Bizim ülkemizde ahkam kesmek çok sevilen bir şey, hele de bilmediği halde biliyormuş gibi ahkam kesmek en fazla görülen durum. Dünyanın hiçbir ülkesinde yöneticiler araştırmadan, uzmanından görüş almadan konuşmazlar. Ama maalesef bizde herkes uzman, böyle olunca bilgi kirliliği had safhaya çıkıyor tabii ki. Yine bu dönemde aynı süreci yaşıyoruz. Ömrü hayatında ülke eğitimine zerre kadar katkısı olmamış insanlar sürekli konuşup kafaları karıştırmaya devam ediyor.
Daha önce bu sayfada defalarca yazdım. Ulusal çaplı sınavlar yani üniversite giriş sınavı, lise giriş sınavı, özel öğretimin yaygınlığı, okulu tamamlayan ve okul dışı hizmet veren kurumlar sadece bizim ülkemizde değil, dünyanın birçok ülkesinde var. Ya kardeşim sizin bu sınav, dershane düşmanlığınız nedir? Şimdi size sorsam müfredat nedir, sınavlar nasıl hazırlanır, kaç çeşittir, başarı odaklı sınav nedir, sıralama sınavı nedir? Sınavların eğitime katkısı nedir? Eğitim nereye gidiyor? Bilmezsiniz. Dünyanın kaç ülkesinde sınav ve dershane var? Yine bilmezsin. Sorsam zatıalilerinize 'sınavsız bir eğitim sistemi olur mu?' diye yine bilmezsiniz. Ama sizin amacınız zaten bu değil ki, sizin amacınız toplumun hoşuna ne gidiyorsa onları söylemek. Yani nabza göre verin şerbeti gitsin. Kimin umurunda kalkınma kimin umurunda eğitilmiş birey. Toplum 'sınavları kaldıralım' diyince seviniyor, toplum 'dershaneleri kapatalım' deyince tepki veriyor ya o zaman onu söylüyorsunuz. Söyledikleriniz doğru olsa yanmam o da değil. Hele hele dershanelerle ilgili bilgileriniz o kadar kıt ki sürekli topluma yanlış bilgi verdiniz.
Madem bu ülkenin eğitim sorunlarıyla ilgileniyorsunuz o zaman eğitim çıktılarının neden bozuk olduğunu, üniversitelerin neden başarılı olamadığını, öğretmen verimliliğinin neden düşük olduğunu ve çözüm önerilerinizi söyleyin. Bunları araştırın dünyanın başka ülkeleri TIMMS, PİSA sınavlarda (ABD, Finlandiya, G.Kore, Japonya, Singapur) nasıl başarılı oluyorlar onu araştırın.

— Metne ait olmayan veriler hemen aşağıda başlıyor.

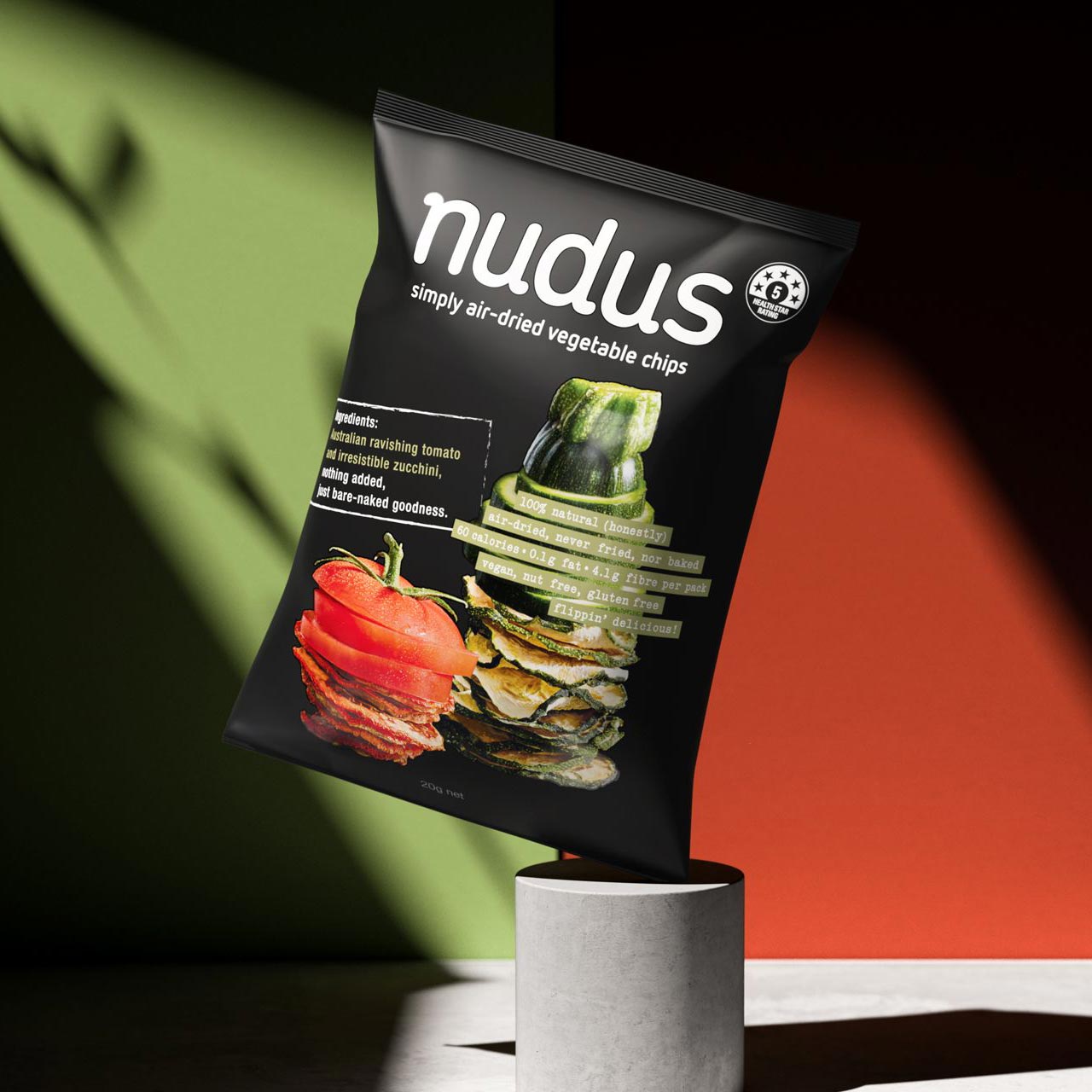 我們?yōu)槌鮿?chuàng)公司Nudus提供的產(chǎn)品包裝和品牌精美展示了這些健康的果蔬脆片的“裸裸美善”理念和有趣的幽默感。

Sonra bunlara çözümler üretin, topluma bu konuda bilgiler verin yoksa her gün 'dershaneler kötü', 'dershaneler olmasın', 'sınavlar kaldırılsın' diye tekrar tekrar aynı şeyleri söylemenin anlamı yok. Be kardeşim bunları söylemenin toplumun kafasını boş şeylerle meşgul ettiğini görmüyor musunuz?
Dershanelerin bilmem ne kadar para topladığını yazıyorsunuz. Bu sayıyı nereden bulduğunuzda meçhul ya hadi neyse, peki neden üniversitelerde boş kalan kontenjanların bu ülkeye açtığı maliyet kaybını söylemiyorsunuz. Her ile bir üniversite kapsamında açılan üniversitelerde öğrencilerin yarıya yakının kayıt dondurduğunu, buralarda hoca olmadığını söylemiyorsunuz. Oralara dokunmak herhalde hoşunuza gitmiyor.
Bekliyorum sabırsızlıkla acaba ne zaman bu ülkede eğitimin gelişmesi için bir şeyler söyleyeceksiniz diye. Artık bekletmeyin sizinde çorbada tuzunuz olsun.